Constant/Stable NAV Funds

There are two fund types that can use amortized cost accounting and calculate their NAV at a stable 1.00. These are, first, European domiciled and governed by UCITS rules; they are CNAV (sovereign debt) or LVNAV (credit debt). Two, US domiciled SEC registered government or treasury funds. Clients of these funds can subscribe or redeem at 1.00 assuming the fund’s underlying value does not deviate from its allowable limits.

Rating Always Maintained

In order to achieve a AAA-rating the fund must adhere to the strict and transparent guidelines imposed by the rating agencies. The AAA-rating is the guiding principle by which they manage the fund.

The rating guidelines covers all three primary types of risk inherent in money market funds, namely:

• Credit
• Market
• Operational

Credit risk addresses the probability of a security held within the fund defaults and generates a loss to the fund.

Rating agencies therefore restrict what assets a fund can purchase and the quantity of such assets. It also stipulates diversification requirements and certain concentration requirements that are more conservative than regulatory requirements. Moody’s therefore restrict what assets a fund can purchase and the quality of such assets. It also stipulates diversification requirements with a fund generally unable to invest more than 10% with any one counterpart. The fund is also a registered money market fund that adds to the diversification requirements on top of those imposed by the rating agencies.

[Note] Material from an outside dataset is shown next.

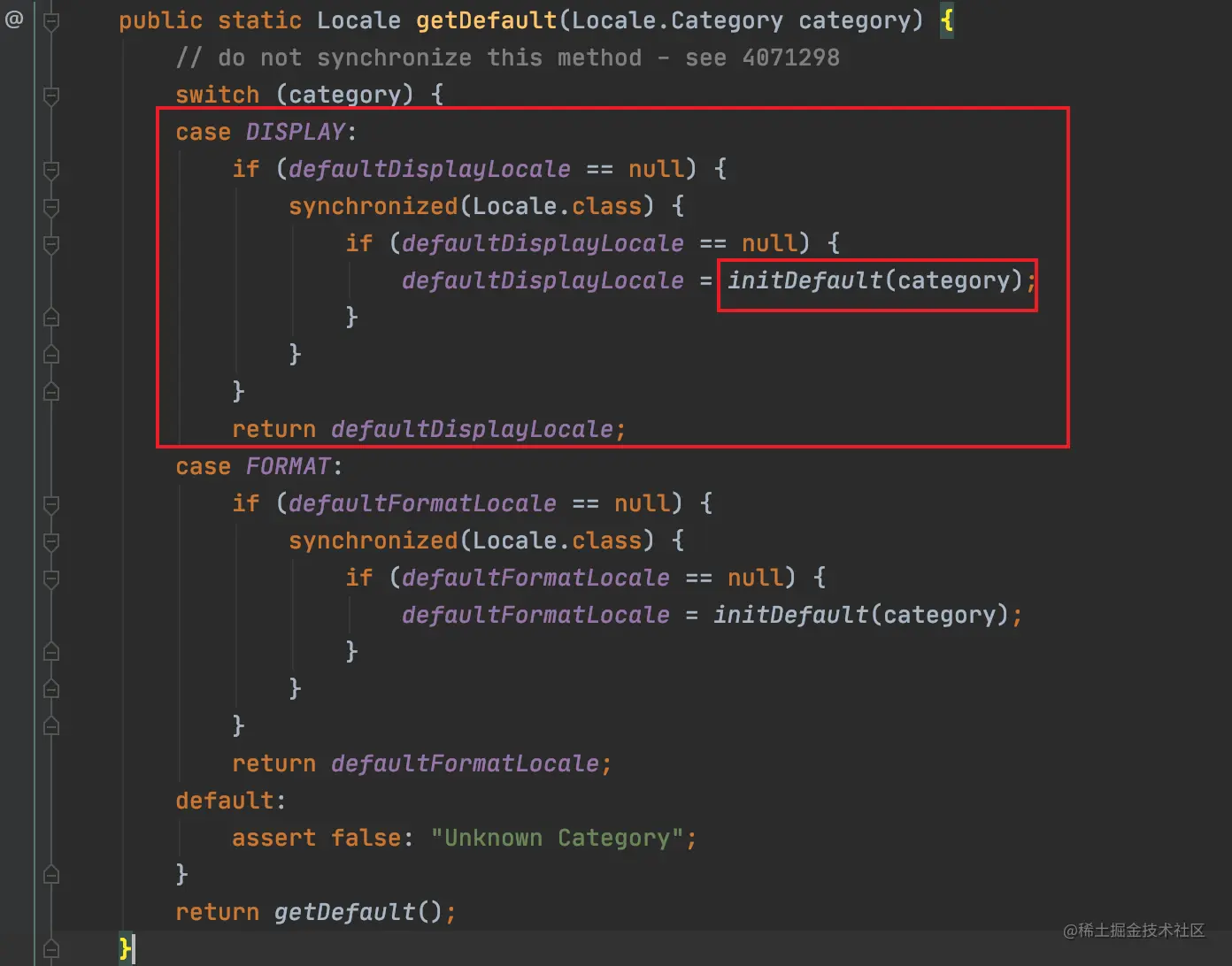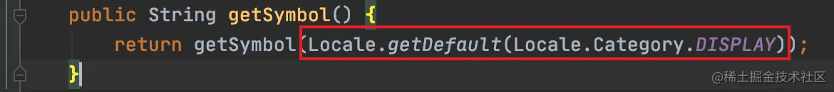 带着这个疑问,看了下getSymbol()方法的源码,发现其内部有获取默认区域设置的逻辑:

Market risk addresses the funds sensitivity to changing market conditions. Rules governing the weighted average maturity of the portfolio, (restricted to a maximum of 60 days) and weighted average life (restricted to a maximum of 120 days) are imposed. The liquidity of the assets within the fund and diversification as well as the effects of dilution is all covered. Independent verification also monitors the market risk within the fund with all assets held marked to market daily to ensure that the fund’s actual net asset value per share does not deviate materially from £1/€1/1$, and to ensure action if such deviation exists. Operational risks look at the fund management capabilities as well as the service providers. It is vital that the Fund is managed in a way consistent with its published objectives and policies.